Problem description: The response must consist of the lines below from the one with "Bianco Lucci Haki" through the one with "レセプターブロック消臭技術 (※3)によ", exactly as they appear and with both ends kept.

Given information:
————————

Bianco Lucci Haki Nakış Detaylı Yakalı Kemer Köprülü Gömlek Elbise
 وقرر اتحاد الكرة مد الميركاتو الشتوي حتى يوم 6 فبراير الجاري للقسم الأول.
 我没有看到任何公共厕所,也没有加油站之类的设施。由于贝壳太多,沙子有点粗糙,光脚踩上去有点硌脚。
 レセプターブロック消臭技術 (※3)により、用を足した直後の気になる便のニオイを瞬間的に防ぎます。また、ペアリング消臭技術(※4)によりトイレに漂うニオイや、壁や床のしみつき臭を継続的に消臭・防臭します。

————————

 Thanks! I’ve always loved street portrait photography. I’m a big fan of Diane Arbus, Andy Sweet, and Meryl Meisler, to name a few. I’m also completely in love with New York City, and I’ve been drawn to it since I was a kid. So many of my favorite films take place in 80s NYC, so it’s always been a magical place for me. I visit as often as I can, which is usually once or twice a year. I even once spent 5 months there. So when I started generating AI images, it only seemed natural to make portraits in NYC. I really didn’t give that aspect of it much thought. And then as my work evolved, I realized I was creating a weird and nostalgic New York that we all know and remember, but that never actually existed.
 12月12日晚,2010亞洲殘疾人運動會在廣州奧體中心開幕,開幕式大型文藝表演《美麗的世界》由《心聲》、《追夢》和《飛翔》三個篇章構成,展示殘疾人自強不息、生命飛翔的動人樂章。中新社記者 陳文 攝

————————

Response for this exercise:
Bianco Lucci Haki Nakış Detaylı Yakalı Kemer Köprülü Gömlek Elbise
 وقرر اتحاد الكرة مد الميركاتو الشتوي حتى يوم 6 فبراير الجاري للقسم الأول.
 我没有看到任何公共厕所,也没有加油站之类的设施。由于贝壳太多,沙子有点粗糙,光脚踩上去有点硌脚。
 レセプターブロック消臭技術 (※3)により、用を足した直後の気になる便のニオイを瞬間的に防ぎます。また、ペアリング消臭技術(※4)によりトイレに漂うニオイや、壁や床のしみつき臭を継続的に消臭・防臭します。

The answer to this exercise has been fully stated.